To download cloud metrics and process the invocations into a .csv file with data, run the process construct

./sebs.py experiment process perf-cost --config example.json --deployment aws

Local

In addition to the cloud deployment, we provide an opportunity to launch benchmarks locally with the help of minio storage. This allows us to conduct debugging and a local characterization of the benchmarks.
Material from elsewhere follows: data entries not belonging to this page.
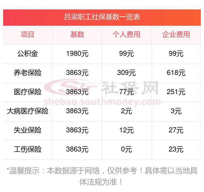据新社通app显示,吕梁社保缴费基数2023-2024年最新消息,吕梁职工社保缴费详情如下: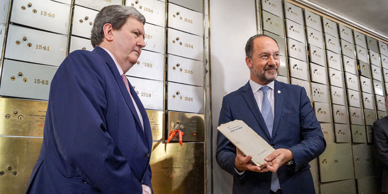El alcalde de Orihuela, Emilio Bascuñana, ha depositado este martes el legado de un ejemplar de la primera edición de la obra de Miguel Hernández, «Perito en lunas», en la Caja de las Letras del Instituto Cervantes, con la finalidad de que «permanezca para siempre y futuras generaciones puedan conocer esta obra magistral poética de nuestro escritor más universal», ha asegurado Bascuñana, quien ha estado acompañado por el director del Instituto Cervantes, Juan Manuel Bonet, así como por el concejal de Patrimonio Histórico, Rafael Almagro.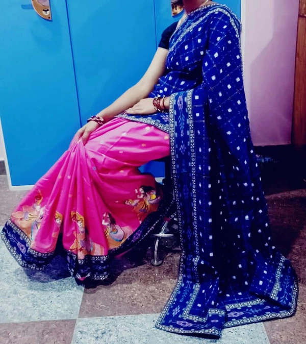 Sambalpuri patchwork saree is a weaving style that employs resist dyeing technique to impart colors to the yarns before their interlacement. The fabric woven in this technique shows a feathered and hazy pattern which is a wonderful classic in its own way.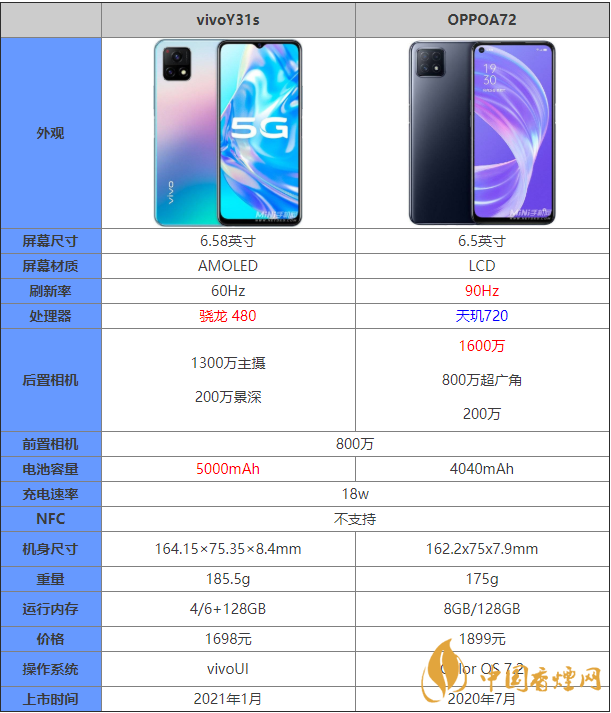 vivoY31s和OPPOA72哪個(gè)好?許多朋友對(duì)比這兩款手機(jī)都十分關(guān)注,那么vivoY31s和OPPOA72有什么區(qū)別?哪款手機(jī)更值得入手?接下來(lái)香煙網(wǎng)小編給大家?guī)?lái)vivoY31s和OPPOA72的參數(shù)對(duì)比,感興趣的朋友一起來(lái)看看吧!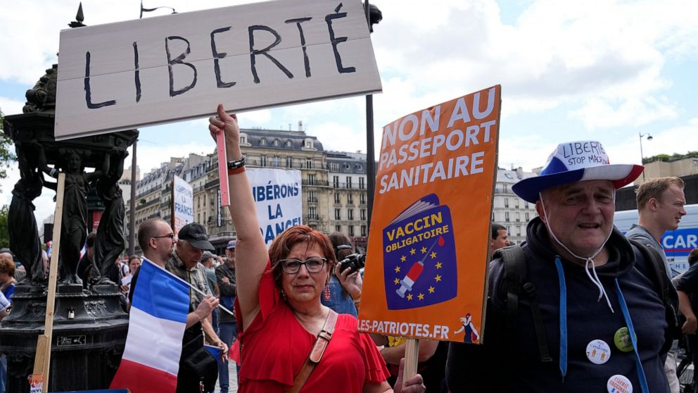 French authorities are implementing the health pass because the highly contagious delta variant is making strong inroads. More than 24,000 new daily cases were confirmed Friday night — compared to just a few thousand cases a day at the start of the month.

First, launch a storage instance. The command below is going to deploy a Docker container, map the container's port to port 9011 on host network, and write storage instance configuration to file out_storage.json

./sebs.py storage start minio --port 9011 --output-json out_storage.json

Then, we need to update the configuration of local deployment with information on the storage instance. The .deployment.local object in the configuration JSON needs to contain a new object storage with the data provided in the out_storage.json file. Fortunately, we can achieve automatically with a single command by using jq:

jq --argfile file1 out_storage.json '.deployment.local.storage = $file1 ' config/example.json > config/local_deployment.json

The output file will contain a JSON object that should look similar to this one:

"deployment": {
  "name": "local",
  "local": {
    "storage": {
      "address": "172.17.0.2:9000",
      "mapped_port": 9011,
      "access_key": "XXXXX",
      "secret_key": "XXXXX",
      "instance_id": "XXXXX",
      "input_buckets": [],
      "output_buckets": [],
      "type": "minio"
    }
  }
}

To launch Docker containers, use the following command - this example launches benchmark 110.dynamic-html with size test:

./sebs.py local start 110.dynamic-html test out_benchmark.json --config config/local_deployment.json --deployments 1

The output file out_benchmark.json will contain the information on containers deployed and the endpoints that can be used to invoke functions:

{
  "functions": [
    {
      "benchmark": "110.dynamic-html",
      "hash": "5ff0657337d17b0cf6156f712f697610",
      "instance_id": "e4797ae01c52ac54bfc22aece1e413130806165eea58c544b2a15c740ec7d75f",
      "name": "110.dynamic-html-python-128",
      "port": 9000,
      "triggers": [],
      "url": "172.17.0.3:9000"
    }
  ],
  "inputs": [
    {
      "random_len": 10,
      "username": "testname"
    }
  ],
  "storage: {
    ...
  }
}

In our example, we can use curl to invoke the function with provided input:

curl 172.17.0.3:9000 --request POST --data '{"random_len": 10,"username": "testname"}' --header 'Content-Type: application/json'

To stop containers, you can use the following command:

./sebs.py local stop out_benchmark.json
./sebs.py storage stop out_storage.json

The stopped containers won't be automatically removed unless the option --remove-containers has been passed to the start command.